## Work instruction
Below are several records. Retype exactly those lines running from the one with "Med sitt tillvuxna" through the one with "资金流向方面,深证绿色建材(970077", end lines included, and no others.

## Given entries
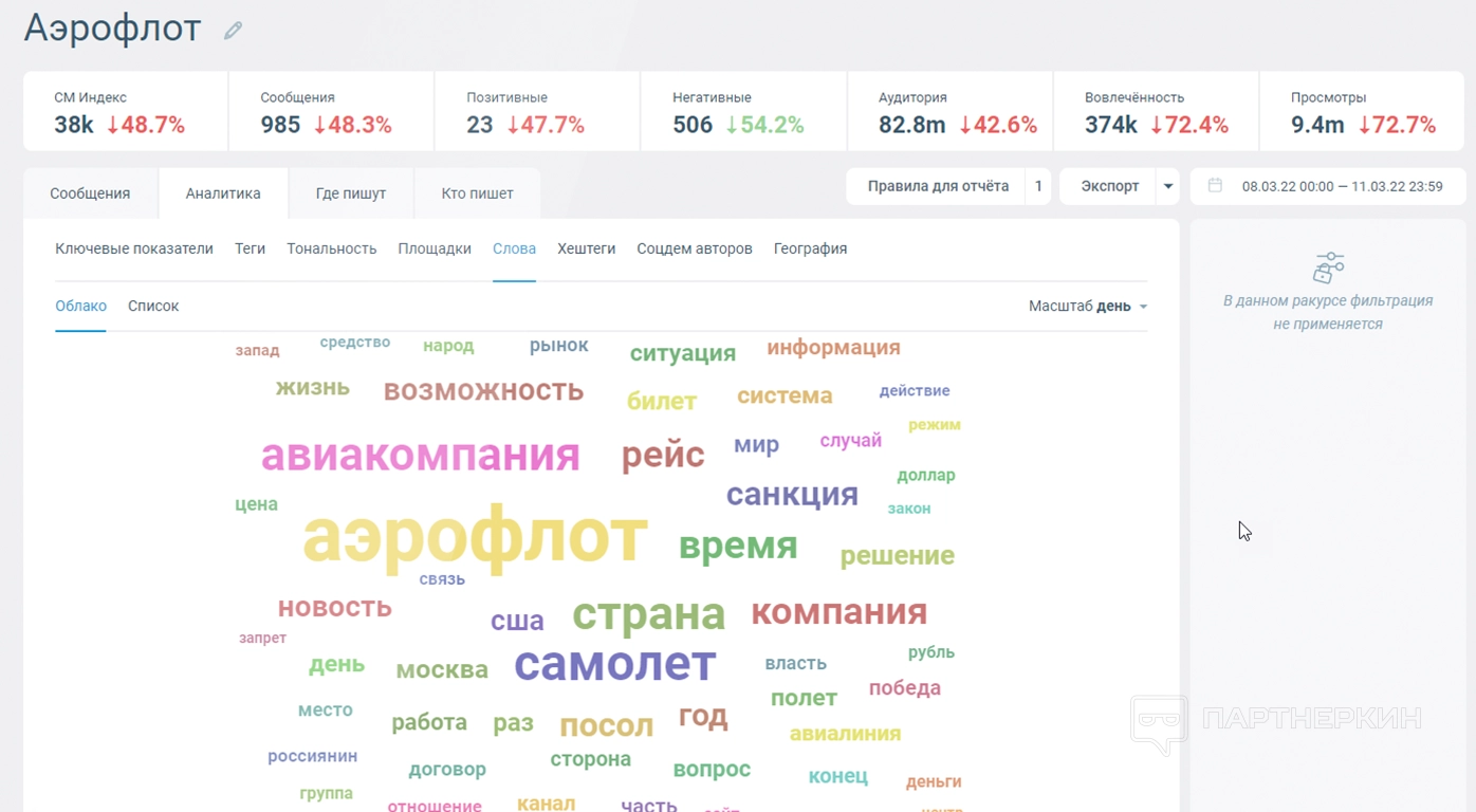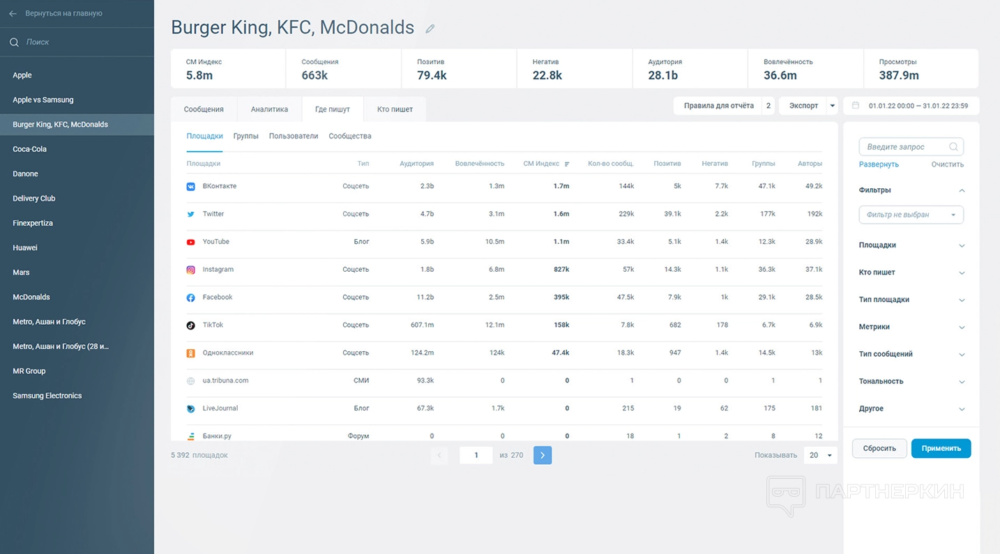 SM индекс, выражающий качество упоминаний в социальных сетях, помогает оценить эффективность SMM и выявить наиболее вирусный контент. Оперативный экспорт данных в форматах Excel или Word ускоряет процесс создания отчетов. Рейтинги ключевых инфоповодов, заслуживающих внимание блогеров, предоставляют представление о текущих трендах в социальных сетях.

* * *

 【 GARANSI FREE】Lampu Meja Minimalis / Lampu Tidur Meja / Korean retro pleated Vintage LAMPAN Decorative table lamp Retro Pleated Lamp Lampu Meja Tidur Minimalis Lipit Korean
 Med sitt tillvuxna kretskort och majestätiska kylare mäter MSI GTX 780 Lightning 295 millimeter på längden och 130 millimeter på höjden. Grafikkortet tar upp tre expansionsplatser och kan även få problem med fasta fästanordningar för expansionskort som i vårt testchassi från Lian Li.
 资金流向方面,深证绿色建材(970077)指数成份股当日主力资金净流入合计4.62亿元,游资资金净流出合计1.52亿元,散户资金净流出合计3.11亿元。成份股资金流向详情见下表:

--

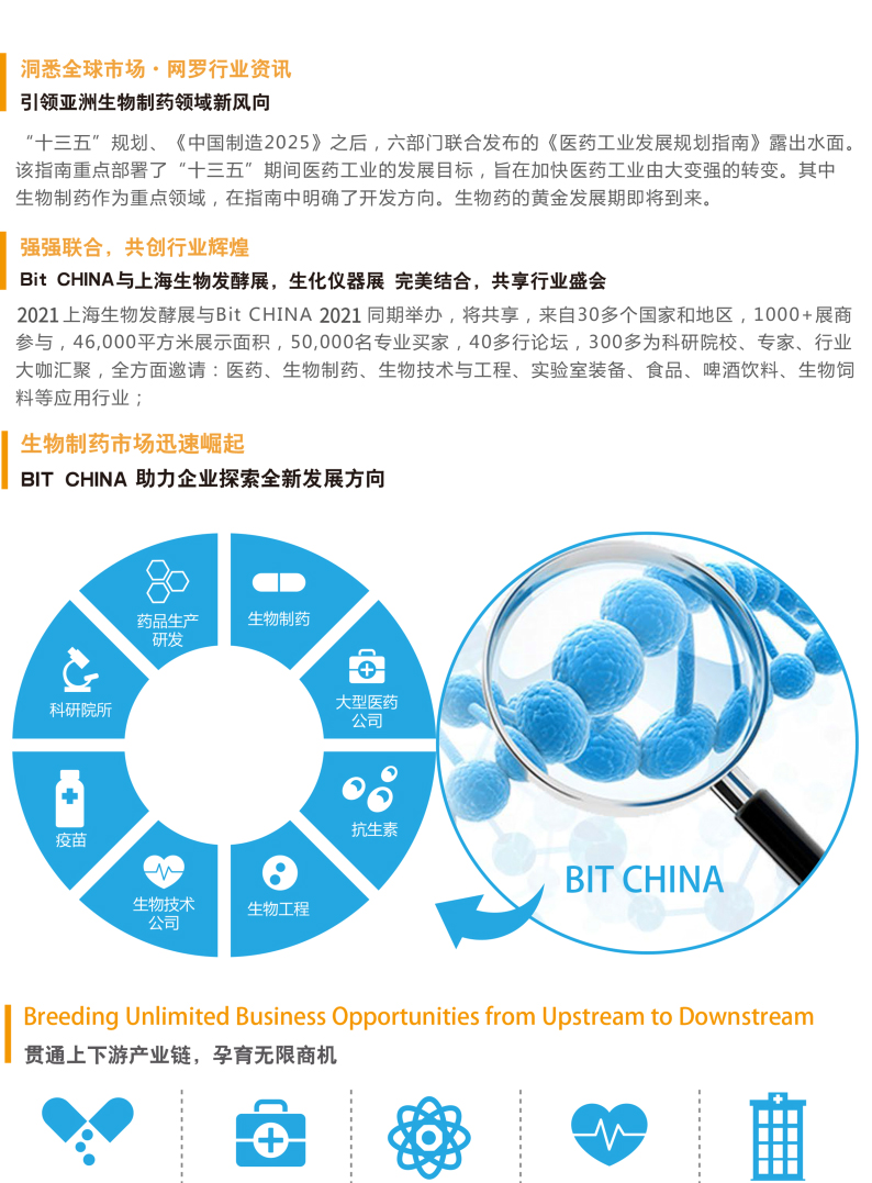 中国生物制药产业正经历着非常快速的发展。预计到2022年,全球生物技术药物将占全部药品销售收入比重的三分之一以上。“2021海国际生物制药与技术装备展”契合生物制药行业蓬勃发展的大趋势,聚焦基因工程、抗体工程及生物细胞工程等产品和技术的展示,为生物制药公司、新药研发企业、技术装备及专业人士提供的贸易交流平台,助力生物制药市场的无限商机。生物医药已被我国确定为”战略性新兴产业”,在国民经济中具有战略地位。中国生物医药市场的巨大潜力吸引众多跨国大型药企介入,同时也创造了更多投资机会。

## Task response
 Med sitt tillvuxna kretskort och majestätiska kylare mäter MSI GTX 780 Lightning 295 millimeter på längden och 130 millimeter på höjden. Grafikkortet tar upp tre expansionsplatser och kan även få problem med fasta fästanordningar för expansionskort som i vårt testchassi från Lian Li.
 资金流向方面,深证绿色建材(970077)指数成份股当日主力资金净流入合计4.62亿元,游资资金净流出合计1.52亿元,散户资金净流出合计3.11亿元。成份股资金流向详情见下表:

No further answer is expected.